Source data

+++++

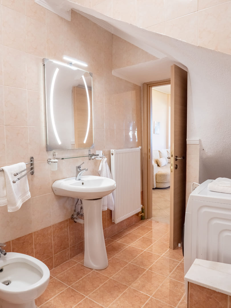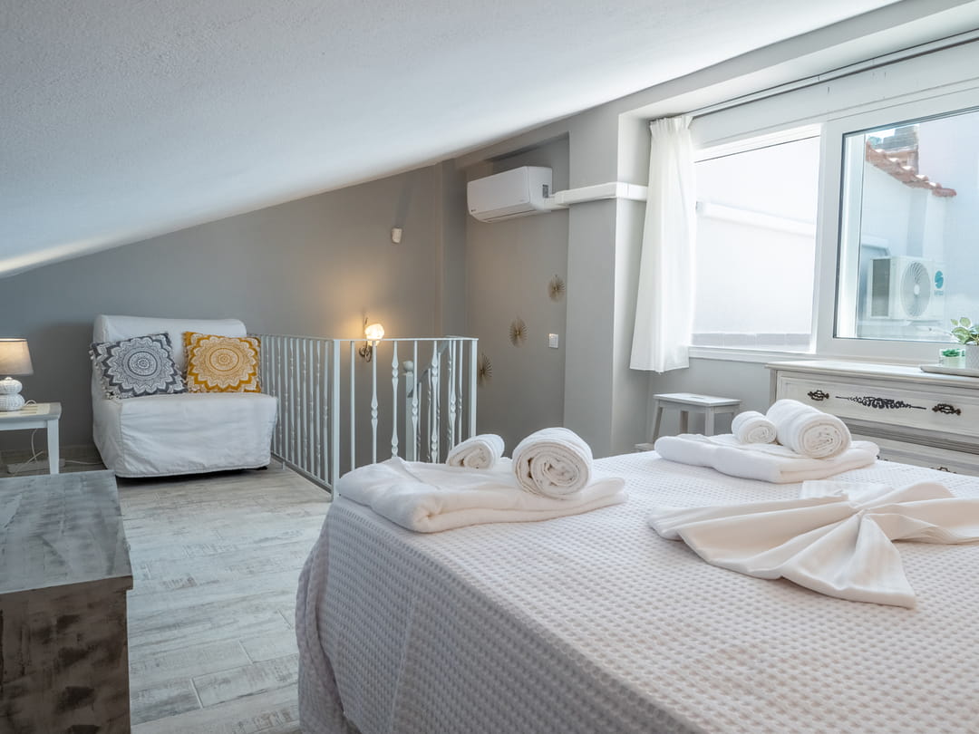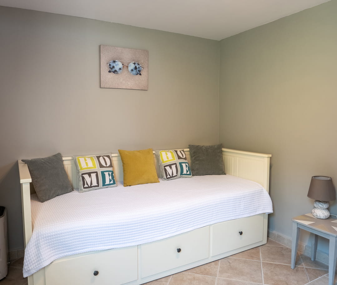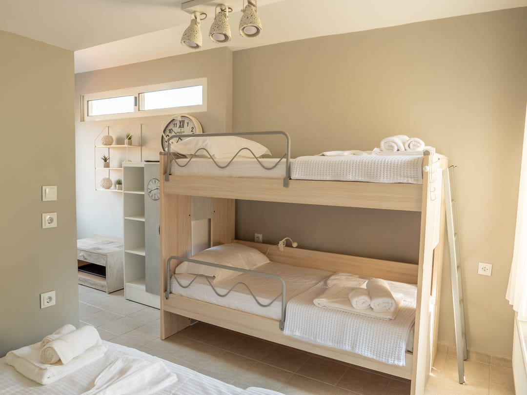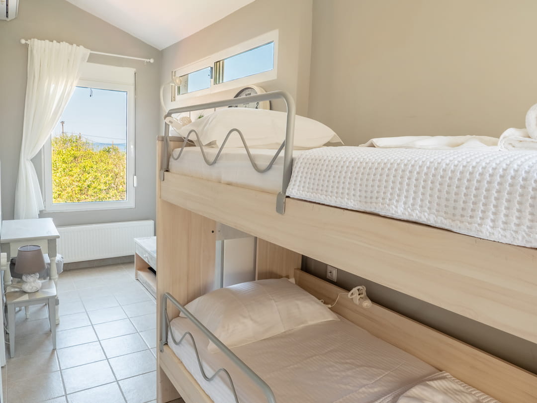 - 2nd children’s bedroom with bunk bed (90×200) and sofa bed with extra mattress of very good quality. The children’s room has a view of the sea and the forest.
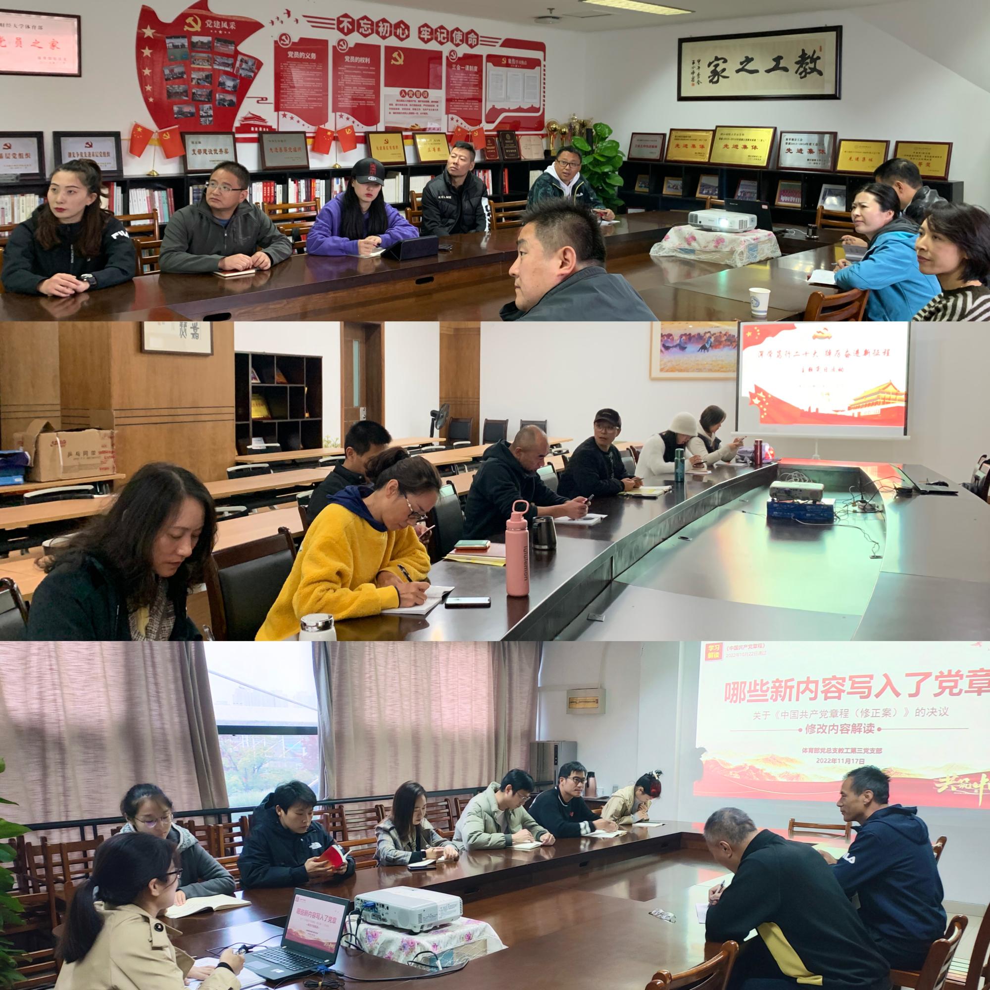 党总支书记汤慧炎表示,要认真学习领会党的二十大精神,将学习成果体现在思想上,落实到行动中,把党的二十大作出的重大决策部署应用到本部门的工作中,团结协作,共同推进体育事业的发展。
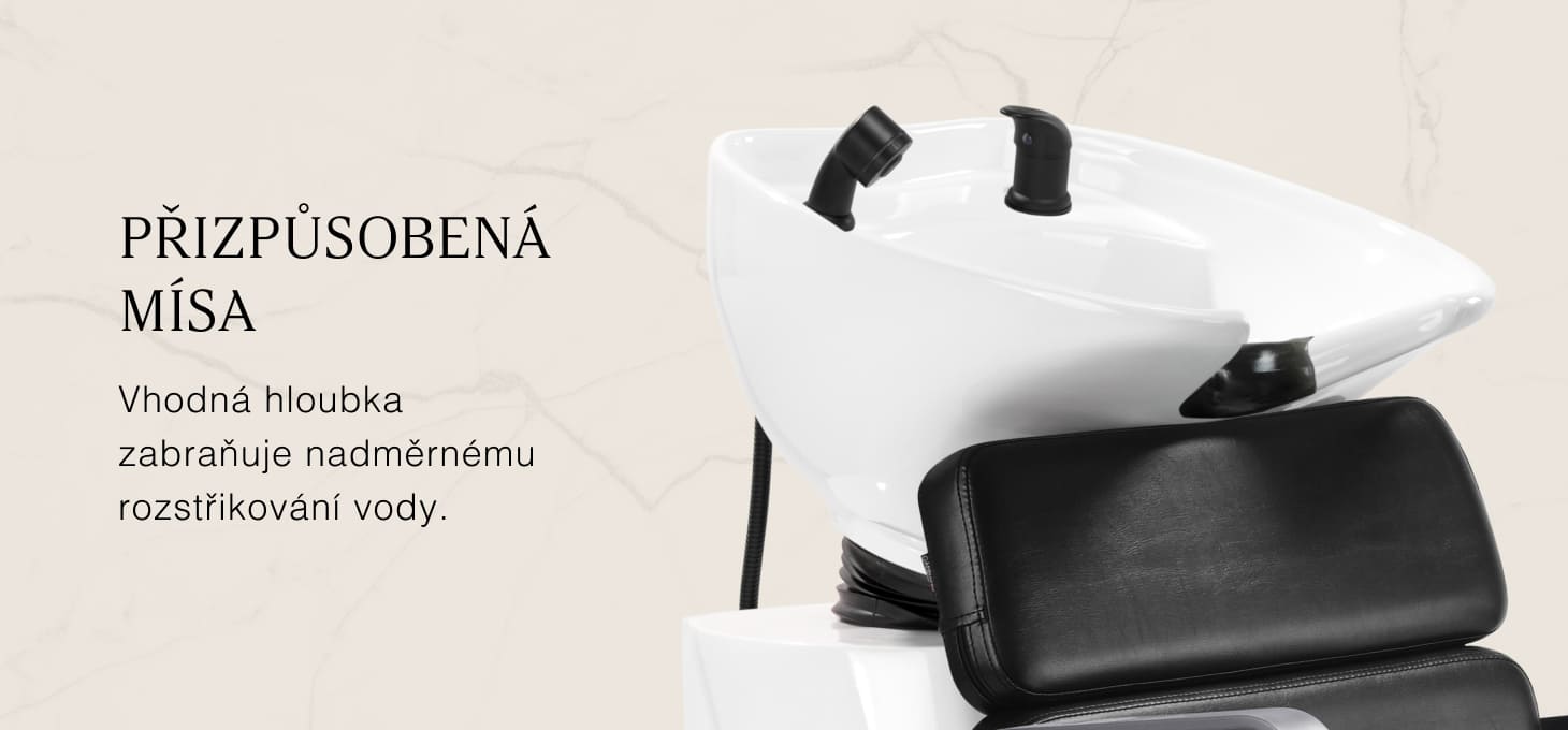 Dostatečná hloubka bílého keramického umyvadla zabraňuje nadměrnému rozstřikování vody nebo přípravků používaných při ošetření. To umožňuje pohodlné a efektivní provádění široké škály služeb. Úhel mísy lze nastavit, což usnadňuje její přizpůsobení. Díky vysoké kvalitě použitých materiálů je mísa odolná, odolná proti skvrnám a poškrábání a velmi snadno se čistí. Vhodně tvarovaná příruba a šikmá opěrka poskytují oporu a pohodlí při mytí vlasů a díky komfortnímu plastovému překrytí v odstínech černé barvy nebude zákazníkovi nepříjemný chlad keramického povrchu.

+++++

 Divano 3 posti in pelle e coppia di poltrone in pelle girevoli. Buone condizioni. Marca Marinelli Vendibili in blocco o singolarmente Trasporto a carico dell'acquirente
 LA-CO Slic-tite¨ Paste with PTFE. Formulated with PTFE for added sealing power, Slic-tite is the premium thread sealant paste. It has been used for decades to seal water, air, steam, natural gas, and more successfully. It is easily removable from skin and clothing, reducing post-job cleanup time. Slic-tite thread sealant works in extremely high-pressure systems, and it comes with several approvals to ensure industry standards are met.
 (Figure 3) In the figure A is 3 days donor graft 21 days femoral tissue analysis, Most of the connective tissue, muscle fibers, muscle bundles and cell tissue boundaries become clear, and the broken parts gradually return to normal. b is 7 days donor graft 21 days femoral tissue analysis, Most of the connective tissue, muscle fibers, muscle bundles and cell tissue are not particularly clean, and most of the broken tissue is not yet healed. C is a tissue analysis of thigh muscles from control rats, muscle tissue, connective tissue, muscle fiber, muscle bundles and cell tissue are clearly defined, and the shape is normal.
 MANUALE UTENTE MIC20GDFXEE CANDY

+++++

The task
Each line above that has the word "from" must be copied.

Problem solution
 LA-CO Slic-tite¨ Paste with PTFE. Formulated with PTFE for added sealing power, Slic-tite is the premium thread sealant paste. It has been used for decades to seal water, air, steam, natural gas, and more successfully. It is easily removable from skin and clothing, reducing post-job cleanup time. Slic-tite thread sealant works in extremely high-pressure systems, and it comes with several approvals to ensure industry standards are met.
 (Figure 3) In the figure A is 3 days donor graft 21 days femoral tissue analysis, Most of the connective tissue, muscle fibers, muscle bundles and cell tissue boundaries become clear, and the broken parts gradually return to normal. b is 7 days donor graft 21 days femoral tissue analysis, Most of the connective tissue, muscle fibers, muscle bundles and cell tissue are not particularly clean, and most of the broken tissue is not yet healed. C is a tissue analysis of thigh muscles from control rats, muscle tissue, connective tissue, muscle fiber, muscle bundles and cell tissue are clearly defined, and the shape is normal.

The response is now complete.